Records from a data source
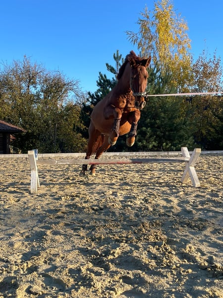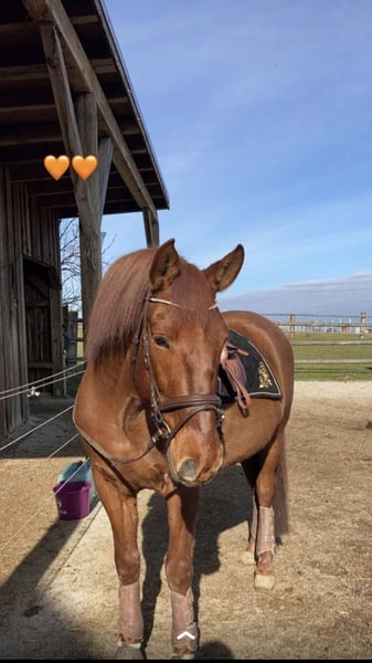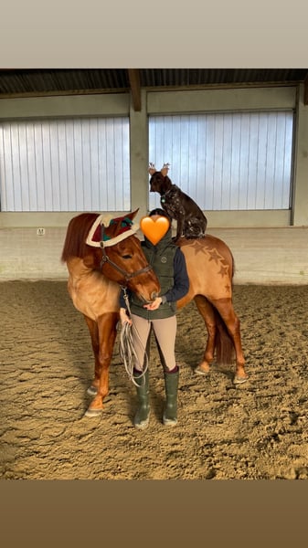 Das Reiten im Gelände macht besonders Freude mit ihm, er ist es gewohnt alleine zu gehen aber auch in Gruppen funktioniert es einwandfrei, da er generell ein sehr verträgliches Pferd ist. Er kennt es auch, dass ein Hund beim Reiten nebenbei mitläuft. Sollte bei dir in der Nähe ein Bach oder eine Möglichkeit zu schwimmen sein fürs Pferd, er kennt auch das - und liebt es.
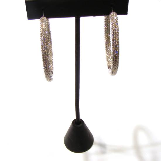 This pair of hoop earrings looks simple, but the design is much more than it shows. Each piece is a perfect circle, the rim of which is fully decorated with white diamonds. The diamonds are all faceted, so that they reflect lights very well, and hence, the shiny image.
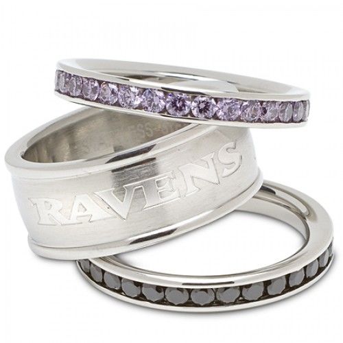 This Baltimore Ravens Stacked Ring Set Makes a Perfect Gift For Any Baltimore Sports Fan. Not Only Is Each Ring Made of Quality Stainless Steel, They Are Also Decorated with the Official Ravens Logo and Violet Team Colored Cz Stone. Try On This Nfl Officially Licensed Baltimore Ravens Team Logo Cubic Zirconia Stacked Ring Set and Support Your Favorite Nfl Team in Style. Processing Time: 4 days. BRAND : NFL Officially Licensed GEM TYPE : CUBIC ZIRCONIA GEM TYPE - 2 : CUBIC ZIRCONIA METAL STAMP : 11.4 METAL TYPE : STAINLESS STEEL METAL UNIT OF MEASURE : GRAMS SIZE : 6,7,8 STONE CLARITY : I1 STONE CLARITY - 2 : I1 STONE COLOR : VIOLET STONE COLOR - 2 : BLACK STONE COLOR - 3 : VIOLET STONE CUT : VERY GOOD CUT STONE CUT - 2 : VERY GOOD CUT STONE SHAPE : ROUND SHAPE STONE SHAPE - 2 : ROUND SHAPE STONE WEIGHT : 1.00 STONE WEIGHT - 2 : 1.00 TOTAL GEM WEIGHT : 2.00 TOTAL METAL WEIGHT : NO METAL STAMP UNIT OF MEASURE (DIMENSIONS) : MM
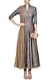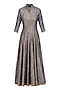 This set features a grey flared high neck anarkali kurta in raw silk base with gold tilla embroidery in geometric pattern all over the front, back and cuffs. It comes along with tilla embroidered net dupatta.
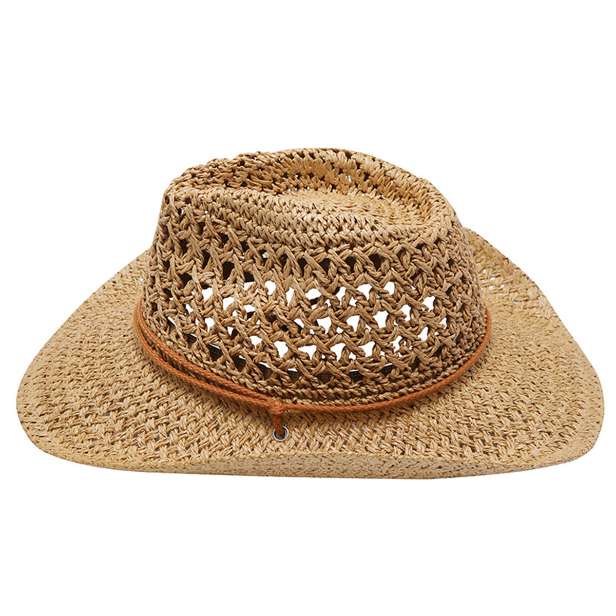 Western Men Women Straw Cowboy Cap Hat Wide Brim Breathable Hollowed Out Hat

BRIEF
All pictures are to be skipped; the lines from the first line of the records through the line containing "This pair of" are to be repeated exactly, both ends included.

TASK RESPONSE
 Das Reiten im Gelände macht besonders Freude mit ihm, er ist es gewohnt alleine zu gehen aber auch in Gruppen funktioniert es einwandfrei, da er generell ein sehr verträgliches Pferd ist. Er kennt es auch, dass ein Hund beim Reiten nebenbei mitläuft. Sollte bei dir in der Nähe ein Bach oder eine Möglichkeit zu schwimmen sein fürs Pferd, er kennt auch das - und liebt es.
 This pair of hoop earrings looks simple, but the design is much more than it shows. Each piece is a perfect circle, the rim of which is fully decorated with white diamonds. The diamonds are all faceted, so that they reflect lights very well, and hence, the shiny image.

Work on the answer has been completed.